Bürgerbewegung für Inklusion

Die Gemeinde Bötzingen befasst sich schon seit Jahren intensiv mit dem Thema der Inklusion im Alltag und hat in den letzten Jahren schon vieles unternommen, um die Teilhabe – vor allem von jungen – Menschen mit Behinderung zu verbessern.

Um die Inklusion in den Kommunen weiter auszubauen, wurde das Modellprojekt „Bürgerbewegung für Inklusion“ von der Akademie Himmelreich mit Unterstützung des Landkreises Breisgau-Hochschwarzwald sowie mit finanzieller Förderung durch das Sozialministerium Baden-Württemberg eingerichtet

Der Gemeinderat der Gemeinde Bötzingen hat beschlossen, die bestehende Inklusionsarbeit über das Modellprojekt „Bürgerbewegung für Inklusion“ fortzusetzen und hat eine Kooperation mit der Akademie im Hofgut Himmelreich abgeschlossen. Sinn dieses Projektes ist es, interessierte Bürgerinnen und Bürger für die Belange der Inklusion zu sensibilisieren und vor Ort tätig werden zu lassen

Damit soll die gleichberechtigte Teilhabe von Menschen mit Behinderungen am gesellschaftlichen Leben in der Kommune verbessert, das Zusammenleben von behinderten und nichtbehinderten Menschen optimiert und das Bewußtsein für Inklusion in den Köpfen der Bevölkerung gestärkt werden.

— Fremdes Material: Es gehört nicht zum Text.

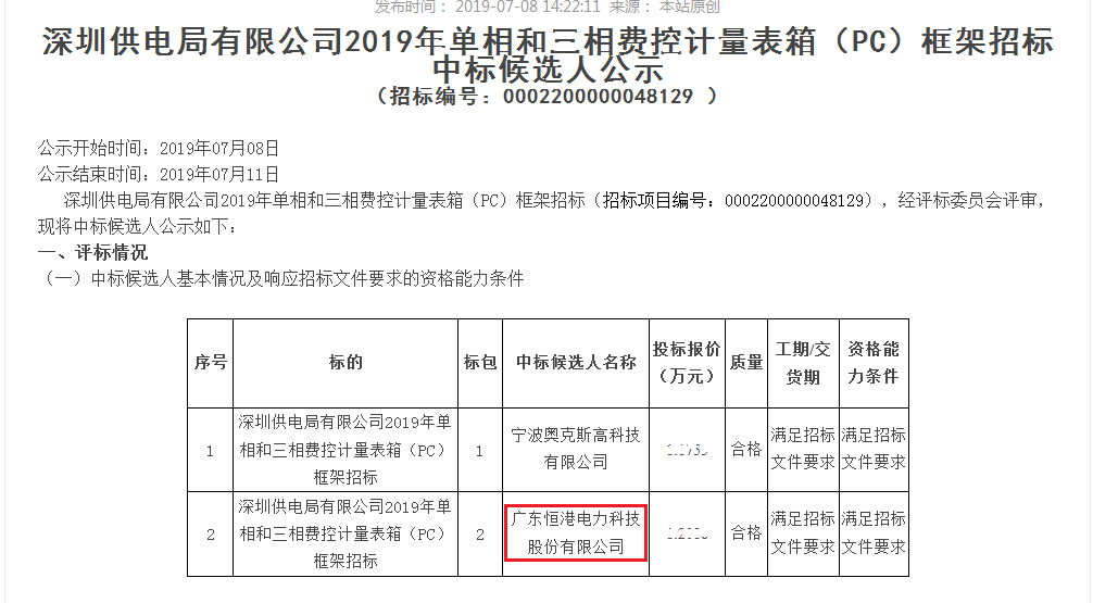 熱烈祝賀我司在深圳供電局有限公司2019年單相和三相費(fèi)控計(jì)量表箱(PC)框架招標(biāo)中標(biāo)???????

Auf den Aufruf, diese ehrenamtliche Aufgabe als Inklusionsvermittlerin in der Gemeinde wahrzunehmen, haben sich Frau Monika Jakob und Frau Christa Müller-Jogerst gemeldet. Beide haben bereits an den Schulungen der Akademie Himmelreich teilgenommen und haben inzwischen mit ihrer Tätigkeit begonnen.

Frau Monika Jakob wird federführend als kommunale Inklusionsvermittlerin tätig sein und dabei von Frau Müller-Jogerst unterstützt.

Falls Sie zum Thema Inklusion Fragen oder Anregungen haben, Hilfestellung brauchen oder Informationen benötigen, setzen Sie sich bitte mit Frau Monika Jakob in Verbindung.

Frau Monika Jakob ist telefonisch unter 07663/2697 oder unter der Email-Adresse inklusion@boetzingen.de erreichbar.

Bürgermeister Dieter Schneckenburger freut sich, dass sich mit Frau Monika Jakob und Frau Christa Müller-Jogerst zwei engagierte Bürgerinnen bereit erklärt haben, sich für die Inklusion im Alltag einzusetzen und wünscht ihnen viel Erfolg bei dieser Aufgabe.